注文も支払もスマホで ローソン、次世代システム推進

ローソンは19年度からの増益基調に向けて、次世代システムへの投資を推進している。

上期(2月期)は、自動釣銭機能などを持つ「新POSレジ」、スマホで購入できる「ローソン フレッシュピック(ロピック)」、専用アプリのバーコード決済でレジ待ち解消を図る「ローソンスマホペイ」の導入を図った。

11日都内で決算発表した竹増貞信社長は「リアルな店舗の価値を、スマホを中心としたデジタルな価値を掛け合わせてさらにお客さまの利便性と支持を上げていきたい」と語った。
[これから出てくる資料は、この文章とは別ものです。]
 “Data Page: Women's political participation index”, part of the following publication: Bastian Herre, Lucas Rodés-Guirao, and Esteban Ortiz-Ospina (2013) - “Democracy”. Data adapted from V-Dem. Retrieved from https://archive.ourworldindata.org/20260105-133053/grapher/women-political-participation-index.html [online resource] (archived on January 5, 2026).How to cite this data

キャッシュレスなどデジタル化が急速に進む中、有人店舗に軸足を置く考えで、無人店舗については「都心で全員がスマホを持っている立地であれば完全無人店でもよいと思っているが、北海道から沖縄まで全国隅々で展開している中では、人がいるという価値があると思っている。人がいる価値を支え続けられるデジタルというようなことを考えている」。

自動釣銭機能を搭載した新POSレジ(ローソン)

新POSレジは今春に導入を開始し、年末までに全店に導入する。上期の手応えとしては、簡単操作で時短にもつながっているほか、自動釣銭機能で従業員の精神的な負担軽減にもつながっているという。

「新POSレジはセルフレジにも使える優れものであり、単なる時短にとどまらずレジが苦手なクルーさんにも使いやすいことから、来年1月以降、このレジを前面に押し出してクルーさんの募集を行っていきたい」と述べた。
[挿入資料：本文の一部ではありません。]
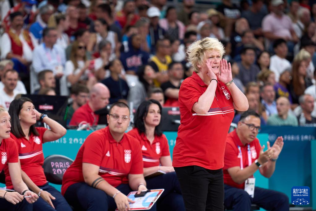 7月31日,塞尔维亚队教练马利科维奇在比赛中。新华社记者 孟鼎博 摄

ロピックは、品揃え強化の一環と位置付け下期に本格展開する。10月中旬に1千200店舗、11月に1千500店舗への導入を計画。「店舗ではスペースの問題と冷蔵商品の廃棄の問題があって品揃えには限界がある。スマホの中に品揃えをして既存の便で運んでいく」。ロピックの販売動向としては、チーズケーキやソーセージといった成城石井ブランドからミールキットに移行する流れが出てきているという。

ローソンスマホペイは現在、4店舗で実施している。今後については「レジ前に3、4人しか並ばない店舗ではあまり使われないという数字も出ているが、ご要望や要件に合致する店舗は少なくとも1千店舗はあると思っており、来秋にはそういった店に導入していきたい」という。

上期はこれらの取り組みに加え、6月に夕夜間強化を目的に行ったサプライチェーンの組み直しも奏功。「仕組みを変えてから、夕夜間の売場が変わり、お客さまの評価と単価が変わり8月の既存店日販は前年を超えた。9月はタバコや台風21号もあったが、まずまずの数字を出してきている」と説明した。

下期は10月15日にローソン銀行を開業。ローソンの現金決済比率は83%強あるが、「政府も4割までキャッシュレスを引き上げていきたいという指標を掲げ、インバウンドのお客さまも増えていく中で、われわれもそのようなサービスを充実させないといけない。免許があるからこそチャレンジできる分野に軸足を今から移してキャッシュレス社会に備えて取り組みを摸索していく」。当面は店頭にあるATMを基盤にしていくという。